Ночная мгла уступила сиянию восходящего Фобоса. Освещенный криптоном канал жемчужной рекой пересекал усеянную редкими огоньками чашу Большого амфитеатра. Вновь без спросу стал подсказывать Омалу «встроенный» в его память словарь-путеводитель: чаша Большого амфитеатра была древним метеоритным кратером, внутри которого Первотворцы некогда построили свой самый прекрасный город, а по периметру кольцевого вала возвели исполинскую стену.

На Марсе Первотворцы прорыли разветвленную сеть каналов, от которой теперь мало что осталось. Самый большой из уцелевших, названный землянами в честь Эда Гамильтона, пересекал Диа-Сао с востока на запад, проходя сквозь специальные порталы в стене. Столетия спокойной и счастливой жизни сменились веками упадка и запустения. Изначальная раса вымирала, оставляя прекрасные свои города на произвол одичавших потомков. Диа-Сао держался дольше других, но и он пал под натиском времени и варварских полчищ.

Прилетевшие некоторое время спустя земляне воздвигли на западном склоне кратера Рэйтаун — скопище домов и складов из хромосплава, завод по ремонту межпланетных кораблей и космопорт, не говоря уже о кабаках, казино, публичных домах, многочисленных лавчонках, где торговали древностями, и имперской тюрьме. В покинутом было городе вновь закипела жизнь, но эта жизнь имела мало общего с прежней. Новыми обитателями Диа-Сао руководила не мудрость, а всепоглощающая алчность. Невзирая на энергичные протесты археологов Солярного университета, останки былого величия подвергались жесточайшему разграблению. В ход шли даже обломки колонн и мраморные плиты, некогда устилавшие мостовые.

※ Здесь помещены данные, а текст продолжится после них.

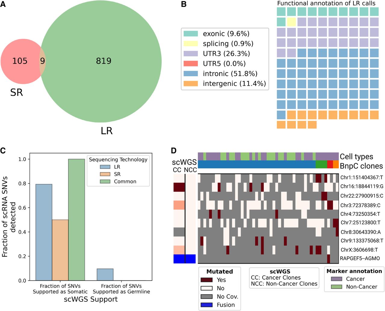 Analysis of SR scRNA-seq data and comparison with LR data. (A) Venn diagram of the intersection between SR (SComatic) and LR (LongSom) somatic calls in LR scRNA-seq data from all patients aggregated. (B) Waffle plot representing each of the 114 somatic SNVs detected by SComatic in SR scRNA-seq data, colored by their RefSeq functional annotation. (C) Barplot of the fraction of all loci that is supported by scWGS data as either somatic or germline, colored by whether they were called in LR data, SR data, or both. (D) BnpC clustering of single cells from the tumor biopsy of patient P1 (columns) by somatic SNVs and fusions (rows) called in SR scRNA-seq data. Red indicates that a loci is mutated in a cell (bet-binomial P-value < 0.05), white that it is not, and gray indicates no coverage in the cell at a given locus. Rows are colored according to the mutation status of aggregated scWGS diploid (Noncancer Clones) or aneuploid (Cancer Clones) cells. Fusions appear in blue. Columns are colored from top to bottom by marker-based annotation and BnpC subclones inferred from somatic SNVs and fusions.
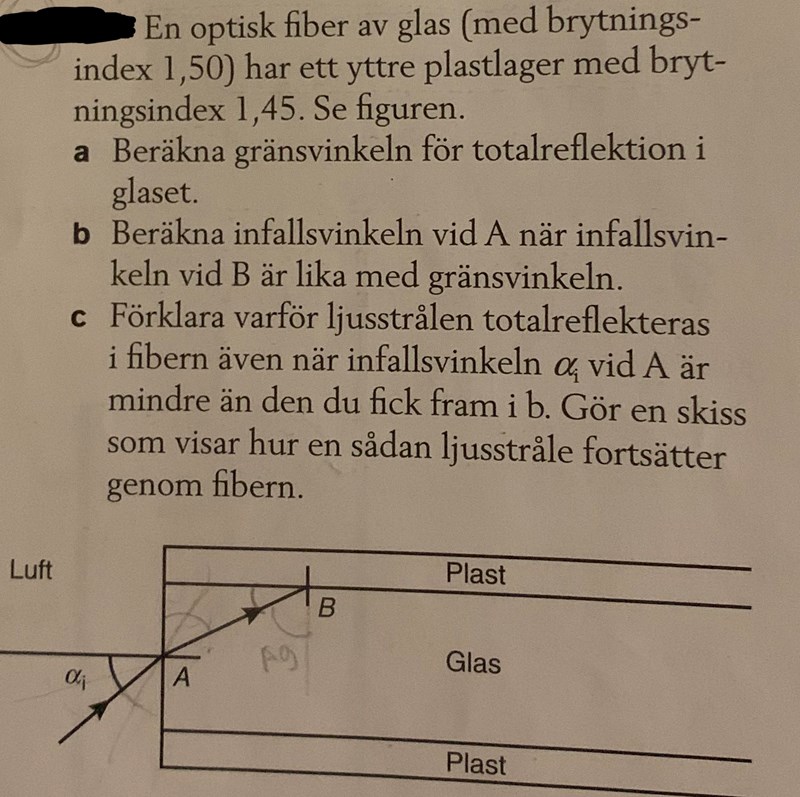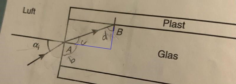 Sen får du sätta upp sambandet för sin(c), sin(αi) och brytningsindexen så kan du räkna ut den vinkel αi som precis resulterar i reflektion i punkten B.
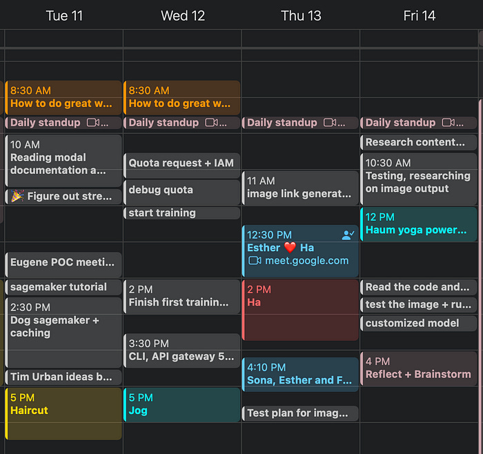 5. Time boxing when trying something new. When experimenting with new technology, there are always unexpected bottlenecks. Timing each task is the best way to determine where I get stuck and how much time I spend on each task. Although this week’s failure is disappointing, I can still see that Tuesday and Wednesday were quite productive, and the bottleneck was the same problem as last Thursday and Friday.

В конце концов от величайшего города осталась лишь восточная его часть, именуемая Старым городом, или Дженкорой, чьи стены, лестницы и арки сверкали сейчас под лучами торопливой луны, словно груда самоцветов. Омал попытался представить, как же выглядели эти великолепные развалины, все еще сохраняющие былое величие, тогда, сотни лет назад. Какие портики поддерживали колонны, что издалека кажутся клыками свирепого зверя? Для чего были воздвигнуты арки, полукольцом охватывающие центральную часть Большого амфитеатра? Служили ли они опорами для транспортной сети или были частью конструкции акведука? Не разобрать…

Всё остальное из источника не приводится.